*WHAT YOU SHOULD DO*: Your answer should reproduce the full set of records exactly as given.
# # # #
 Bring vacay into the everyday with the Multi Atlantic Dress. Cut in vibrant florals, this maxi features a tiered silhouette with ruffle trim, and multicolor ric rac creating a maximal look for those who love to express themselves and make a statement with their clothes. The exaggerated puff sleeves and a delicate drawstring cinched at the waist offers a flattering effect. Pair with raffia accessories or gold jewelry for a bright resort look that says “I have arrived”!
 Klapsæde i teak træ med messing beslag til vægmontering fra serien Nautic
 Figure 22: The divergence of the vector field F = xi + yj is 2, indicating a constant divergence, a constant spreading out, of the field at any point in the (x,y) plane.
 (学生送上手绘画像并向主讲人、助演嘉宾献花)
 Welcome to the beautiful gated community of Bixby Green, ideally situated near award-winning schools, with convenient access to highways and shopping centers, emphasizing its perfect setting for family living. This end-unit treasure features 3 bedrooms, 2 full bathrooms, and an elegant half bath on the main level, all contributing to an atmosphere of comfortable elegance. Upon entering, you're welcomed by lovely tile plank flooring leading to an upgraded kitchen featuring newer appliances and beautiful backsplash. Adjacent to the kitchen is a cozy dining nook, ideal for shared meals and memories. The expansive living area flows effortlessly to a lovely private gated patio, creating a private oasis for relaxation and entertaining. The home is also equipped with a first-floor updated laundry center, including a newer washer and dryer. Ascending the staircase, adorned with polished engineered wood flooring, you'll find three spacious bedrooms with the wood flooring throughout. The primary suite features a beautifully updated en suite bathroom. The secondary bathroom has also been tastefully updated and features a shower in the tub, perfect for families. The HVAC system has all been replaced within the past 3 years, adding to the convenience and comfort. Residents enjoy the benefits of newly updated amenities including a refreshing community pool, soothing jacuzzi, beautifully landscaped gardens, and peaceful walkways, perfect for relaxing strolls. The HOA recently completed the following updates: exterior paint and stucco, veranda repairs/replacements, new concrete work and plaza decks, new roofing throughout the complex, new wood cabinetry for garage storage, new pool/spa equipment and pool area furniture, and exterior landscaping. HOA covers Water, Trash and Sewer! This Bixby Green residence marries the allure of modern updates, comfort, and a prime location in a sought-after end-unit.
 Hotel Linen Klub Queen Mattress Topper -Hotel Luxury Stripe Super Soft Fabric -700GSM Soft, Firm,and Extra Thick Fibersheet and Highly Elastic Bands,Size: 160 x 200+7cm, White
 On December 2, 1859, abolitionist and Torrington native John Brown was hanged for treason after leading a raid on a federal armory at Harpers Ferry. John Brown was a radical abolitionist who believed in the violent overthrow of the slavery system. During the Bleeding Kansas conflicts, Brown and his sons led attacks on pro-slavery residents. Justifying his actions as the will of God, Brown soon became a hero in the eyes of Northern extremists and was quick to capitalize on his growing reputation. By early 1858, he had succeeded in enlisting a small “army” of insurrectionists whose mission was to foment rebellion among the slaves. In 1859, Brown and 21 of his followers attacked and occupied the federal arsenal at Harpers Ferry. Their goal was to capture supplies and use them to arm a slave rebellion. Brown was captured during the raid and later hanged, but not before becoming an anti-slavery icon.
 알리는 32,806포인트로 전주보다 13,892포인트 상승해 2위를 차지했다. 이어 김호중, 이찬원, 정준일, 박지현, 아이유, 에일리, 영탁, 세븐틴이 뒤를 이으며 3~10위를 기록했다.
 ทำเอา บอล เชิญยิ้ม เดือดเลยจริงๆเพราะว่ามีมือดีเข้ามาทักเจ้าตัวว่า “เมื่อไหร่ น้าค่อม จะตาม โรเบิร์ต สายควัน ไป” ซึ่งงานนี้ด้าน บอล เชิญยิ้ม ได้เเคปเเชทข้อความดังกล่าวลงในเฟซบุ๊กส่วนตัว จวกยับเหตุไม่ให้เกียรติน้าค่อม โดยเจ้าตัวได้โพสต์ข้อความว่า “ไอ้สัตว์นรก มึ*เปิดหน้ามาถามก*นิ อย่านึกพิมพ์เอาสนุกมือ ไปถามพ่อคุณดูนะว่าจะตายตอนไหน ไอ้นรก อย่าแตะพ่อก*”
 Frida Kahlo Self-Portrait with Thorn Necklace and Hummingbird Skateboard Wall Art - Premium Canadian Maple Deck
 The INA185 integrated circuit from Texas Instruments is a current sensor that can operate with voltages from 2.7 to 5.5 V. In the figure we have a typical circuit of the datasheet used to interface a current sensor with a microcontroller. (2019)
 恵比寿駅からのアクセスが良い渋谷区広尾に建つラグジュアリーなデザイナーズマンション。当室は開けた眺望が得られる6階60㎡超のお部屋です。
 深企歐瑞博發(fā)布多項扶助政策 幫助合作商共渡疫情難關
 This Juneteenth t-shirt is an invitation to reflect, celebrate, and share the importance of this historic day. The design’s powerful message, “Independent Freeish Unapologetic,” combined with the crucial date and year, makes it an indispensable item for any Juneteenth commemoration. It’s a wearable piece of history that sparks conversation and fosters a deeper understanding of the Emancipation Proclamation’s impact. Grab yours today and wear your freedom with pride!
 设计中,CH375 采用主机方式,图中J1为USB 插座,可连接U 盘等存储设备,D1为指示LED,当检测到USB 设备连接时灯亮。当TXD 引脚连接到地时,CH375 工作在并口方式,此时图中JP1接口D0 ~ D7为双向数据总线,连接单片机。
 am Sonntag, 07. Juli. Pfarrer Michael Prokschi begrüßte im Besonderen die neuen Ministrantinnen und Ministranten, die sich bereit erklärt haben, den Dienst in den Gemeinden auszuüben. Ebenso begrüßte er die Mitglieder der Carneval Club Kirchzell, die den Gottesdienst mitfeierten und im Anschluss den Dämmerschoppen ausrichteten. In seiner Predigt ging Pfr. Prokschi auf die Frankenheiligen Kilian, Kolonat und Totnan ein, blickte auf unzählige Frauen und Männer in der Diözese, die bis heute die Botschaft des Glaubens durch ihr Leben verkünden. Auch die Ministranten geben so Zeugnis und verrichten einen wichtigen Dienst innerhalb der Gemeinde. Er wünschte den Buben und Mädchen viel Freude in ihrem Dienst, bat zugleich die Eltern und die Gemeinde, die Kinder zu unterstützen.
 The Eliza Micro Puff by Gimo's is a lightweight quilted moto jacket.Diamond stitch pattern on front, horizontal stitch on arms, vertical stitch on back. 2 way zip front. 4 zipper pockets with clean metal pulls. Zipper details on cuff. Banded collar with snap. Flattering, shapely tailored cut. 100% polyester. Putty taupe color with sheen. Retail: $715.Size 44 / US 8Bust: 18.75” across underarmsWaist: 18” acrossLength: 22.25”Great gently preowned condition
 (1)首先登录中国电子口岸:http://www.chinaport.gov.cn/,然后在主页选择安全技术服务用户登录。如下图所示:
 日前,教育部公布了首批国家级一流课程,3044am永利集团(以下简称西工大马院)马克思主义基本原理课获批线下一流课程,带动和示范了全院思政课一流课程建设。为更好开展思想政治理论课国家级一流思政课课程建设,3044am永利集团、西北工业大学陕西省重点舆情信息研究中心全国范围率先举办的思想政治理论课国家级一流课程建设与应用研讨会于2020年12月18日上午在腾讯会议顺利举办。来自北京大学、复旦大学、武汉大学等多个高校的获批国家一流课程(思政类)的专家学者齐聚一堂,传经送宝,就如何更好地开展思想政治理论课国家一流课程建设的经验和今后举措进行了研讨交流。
# # # #
*WRITTEN RESPONSE*:
 Bring vacay into the everyday with the Multi Atlantic Dress. Cut in vibrant florals, this maxi features a tiered silhouette with ruffle trim, and multicolor ric rac creating a maximal look for those who love to express themselves and make a statement with their clothes. The exaggerated puff sleeves and a delicate drawstring cinched at the waist offers a flattering effect. Pair with raffia accessories or gold jewelry for a bright resort look that says “I have arrived”!
 Klapsæde i teak træ med messing beslag til vægmontering fra serien Nautic
 Figure 22: The divergence of the vector field F = xi + yj is 2, indicating a constant divergence, a constant spreading out, of the field at any point in the (x,y) plane.
 (学生送上手绘画像并向主讲人、助演嘉宾献花)
 Welcome to the beautiful gated community of Bixby Green, ideally situated near award-winning schools, with convenient access to highways and shopping centers, emphasizing its perfect setting for family living. This end-unit treasure features 3 bedrooms, 2 full bathrooms, and an elegant half bath on the main level, all contributing to an atmosphere of comfortable elegance. Upon entering, you're welcomed by lovely tile plank flooring leading to an upgraded kitchen featuring newer appliances and beautiful backsplash. Adjacent to the kitchen is a cozy dining nook, ideal for shared meals and memories. The expansive living area flows effortlessly to a lovely private gated patio, creating a private oasis for relaxation and entertaining. The home is also equipped with a first-floor updated laundry center, including a newer washer and dryer. Ascending the staircase, adorned with polished engineered wood flooring, you'll find three spacious bedrooms with the wood flooring throughout. The primary suite features a beautifully updated en suite bathroom. The secondary bathroom has also been tastefully updated and features a shower in the tub, perfect for families. The HVAC system has all been replaced within the past 3 years, adding to the convenience and comfort. Residents enjoy the benefits of newly updated amenities including a refreshing community pool, soothing jacuzzi, beautifully landscaped gardens, and peaceful walkways, perfect for relaxing strolls. The HOA recently completed the following updates: exterior paint and stucco, veranda repairs/replacements, new concrete work and plaza decks, new roofing throughout the complex, new wood cabinetry for garage storage, new pool/spa equipment and pool area furniture, and exterior landscaping. HOA covers Water, Trash and Sewer! This Bixby Green residence marries the allure of modern updates, comfort, and a prime location in a sought-after end-unit.
 Hotel Linen Klub Queen Mattress Topper -Hotel Luxury Stripe Super Soft Fabric -700GSM Soft, Firm,and Extra Thick Fibersheet and Highly Elastic Bands,Size: 160 x 200+7cm, White
 On December 2, 1859, abolitionist and Torrington native John Brown was hanged for treason after leading a raid on a federal armory at Harpers Ferry. John Brown was a radical abolitionist who believed in the violent overthrow of the slavery system. During the Bleeding Kansas conflicts, Brown and his sons led attacks on pro-slavery residents. Justifying his actions as the will of God, Brown soon became a hero in the eyes of Northern extremists and was quick to capitalize on his growing reputation. By early 1858, he had succeeded in enlisting a small “army” of insurrectionists whose mission was to foment rebellion among the slaves. In 1859, Brown and 21 of his followers attacked and occupied the federal arsenal at Harpers Ferry. Their goal was to capture supplies and use them to arm a slave rebellion. Brown was captured during the raid and later hanged, but not before becoming an anti-slavery icon.
 알리는 32,806포인트로 전주보다 13,892포인트 상승해 2위를 차지했다. 이어 김호중, 이찬원, 정준일, 박지현, 아이유, 에일리, 영탁, 세븐틴이 뒤를 이으며 3~10위를 기록했다.
 ทำเอา บอล เชิญยิ้ม เดือดเลยจริงๆเพราะว่ามีมือดีเข้ามาทักเจ้าตัวว่า “เมื่อไหร่ น้าค่อม จะตาม โรเบิร์ต สายควัน ไป” ซึ่งงานนี้ด้าน บอล เชิญยิ้ม ได้เเคปเเชทข้อความดังกล่าวลงในเฟซบุ๊กส่วนตัว จวกยับเหตุไม่ให้เกียรติน้าค่อม โดยเจ้าตัวได้โพสต์ข้อความว่า “ไอ้สัตว์นรก มึ*เปิดหน้ามาถามก*นิ อย่านึกพิมพ์เอาสนุกมือ ไปถามพ่อคุณดูนะว่าจะตายตอนไหน ไอ้นรก อย่าแตะพ่อก*”
 Frida Kahlo Self-Portrait with Thorn Necklace and Hummingbird Skateboard Wall Art - Premium Canadian Maple Deck
 The INA185 integrated circuit from Texas Instruments is a current sensor that can operate with voltages from 2.7 to 5.5 V. In the figure we have a typical circuit of the datasheet used to interface a current sensor with a microcontroller. (2019)
 恵比寿駅からのアクセスが良い渋谷区広尾に建つラグジュアリーなデザイナーズマンション。当室は開けた眺望が得られる6階60㎡超のお部屋です。
 深企歐瑞博發(fā)布多項扶助政策 幫助合作商共渡疫情難關
 This Juneteenth t-shirt is an invitation to reflect, celebrate, and share the importance of this historic day. The design’s powerful message, “Independent Freeish Unapologetic,” combined with the crucial date and year, makes it an indispensable item for any Juneteenth commemoration. It’s a wearable piece of history that sparks conversation and fosters a deeper understanding of the Emancipation Proclamation’s impact. Grab yours today and wear your freedom with pride!
 设计中,CH375 采用主机方式,图中J1为USB 插座,可连接U 盘等存储设备,D1为指示LED,当检测到USB 设备连接时灯亮。当TXD 引脚连接到地时,CH375 工作在并口方式,此时图中JP1接口D0 ~ D7为双向数据总线,连接单片机。
 am Sonntag, 07. Juli. Pfarrer Michael Prokschi begrüßte im Besonderen die neuen Ministrantinnen und Ministranten, die sich bereit erklärt haben, den Dienst in den Gemeinden auszuüben. Ebenso begrüßte er die Mitglieder der Carneval Club Kirchzell, die den Gottesdienst mitfeierten und im Anschluss den Dämmerschoppen ausrichteten. In seiner Predigt ging Pfr. Prokschi auf die Frankenheiligen Kilian, Kolonat und Totnan ein, blickte auf unzählige Frauen und Männer in der Diözese, die bis heute die Botschaft des Glaubens durch ihr Leben verkünden. Auch die Ministranten geben so Zeugnis und verrichten einen wichtigen Dienst innerhalb der Gemeinde. Er wünschte den Buben und Mädchen viel Freude in ihrem Dienst, bat zugleich die Eltern und die Gemeinde, die Kinder zu unterstützen.
 The Eliza Micro Puff by Gimo's is a lightweight quilted moto jacket.Diamond stitch pattern on front, horizontal stitch on arms, vertical stitch on back. 2 way zip front. 4 zipper pockets with clean metal pulls. Zipper details on cuff. Banded collar with snap. Flattering, shapely tailored cut. 100% polyester. Putty taupe color with sheen. Retail: $715.Size 44 / US 8Bust: 18.75” across underarmsWaist: 18” acrossLength: 22.25”Great gently preowned condition
 (1)首先登录中国电子口岸:http://www.chinaport.gov.cn/,然后在主页选择安全技术服务用户登录。如下图所示:
 日前,教育部公布了首批国家级一流课程,3044am永利集团(以下简称西工大马院)马克思主义基本原理课获批线下一流课程,带动和示范了全院思政课一流课程建设。为更好开展思想政治理论课国家级一流思政课课程建设,3044am永利集团、西北工业大学陕西省重点舆情信息研究中心全国范围率先举办的思想政治理论课国家级一流课程建设与应用研讨会于2020年12月18日上午在腾讯会议顺利举办。来自北京大学、复旦大学、武汉大学等多个高校的获批国家一流课程(思政类)的专家学者齐聚一堂,传经送宝,就如何更好地开展思想政治理论课国家一流课程建设的经验和今后举措进行了研讨交流。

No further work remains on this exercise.